Abstract: This study investigated predictors for ACT Science scores, a test used by many universities to rank applicants. This study utilized quantitative research methods using the Montana Office of Public Instruction’s GEMS (Growth and Enhancement of Montana Students) data set. All advanced statistical analysis was conducted using Stata software IC/15. This research is significant for increasing the representation of under-represented groups in STEM education because it helps clarify three important relationships: (1) How well do gender, race, and meal status predict 11th grade ACT Science scores; (2) How well does school size predict 11th grade ACT Science scores while controlling for gender, race, and meal status; and (3) How well does high school GPA predict 11th grade ACT Science scores while controlling for gender, race, meal status, and school size.

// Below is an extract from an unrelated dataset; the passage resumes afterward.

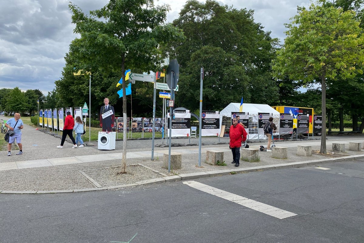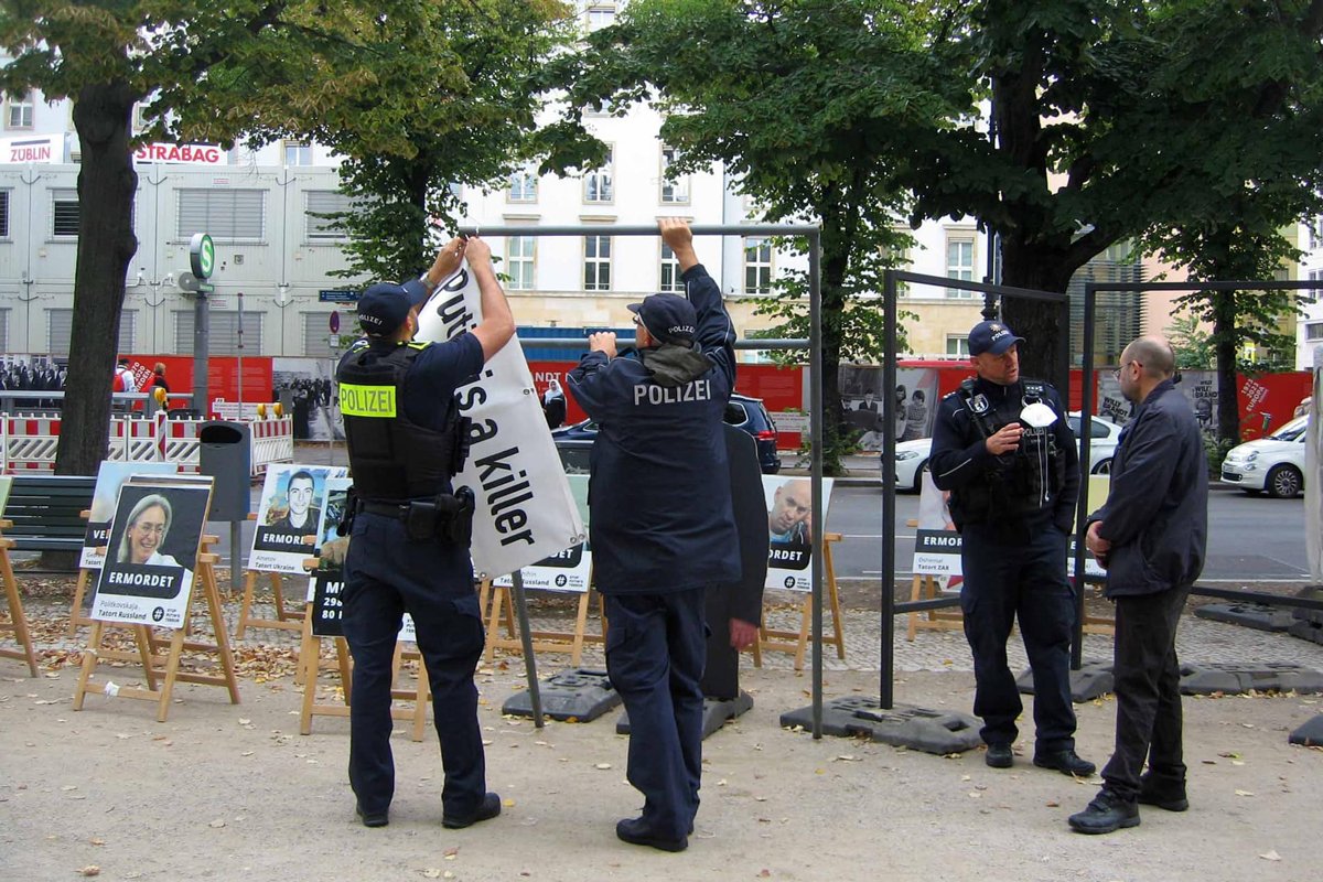 Полиция изымает баннер «Putin is a killer» у лагеря Баграша перед российским посольством, Берлин, 18 сентября 2021 года. Фото: Дмитрий Баграш / Facebook

Key Words: GEMS (growth and enhancement of Montana students), ACT Science scores, regression analyses, secondary data analysis, multicultural education

Acknowledgment: The author thanks Dr. Carrie Myers from Montana State University for her expertise in advanced educational statistics and providing valuable feedback; and also thanks Dr. Pat Munday for his mentoring and support.

LITERATURE REVIEW

The ACT, i.e. American College Test, is a standardized high-school achievement test that colleges use to rank applicants (Bauer & Wise, 2016). The ACT includes four subjects—English, mathematics, reading, science, and an optional writing test (Frey, 2018). The ACT score is on a scale of 1-36 for each of the four subject areas with a composite score averaging the four scores and rounded to the nearest whole number (Watson & Flamez, 2014). Maruyama (2012) found that, for high school students, “ACT scores in English, math, science, and reading were related respectively to student performance in English composition, college algebra, college biology, and college social studies/humanities” (p.3).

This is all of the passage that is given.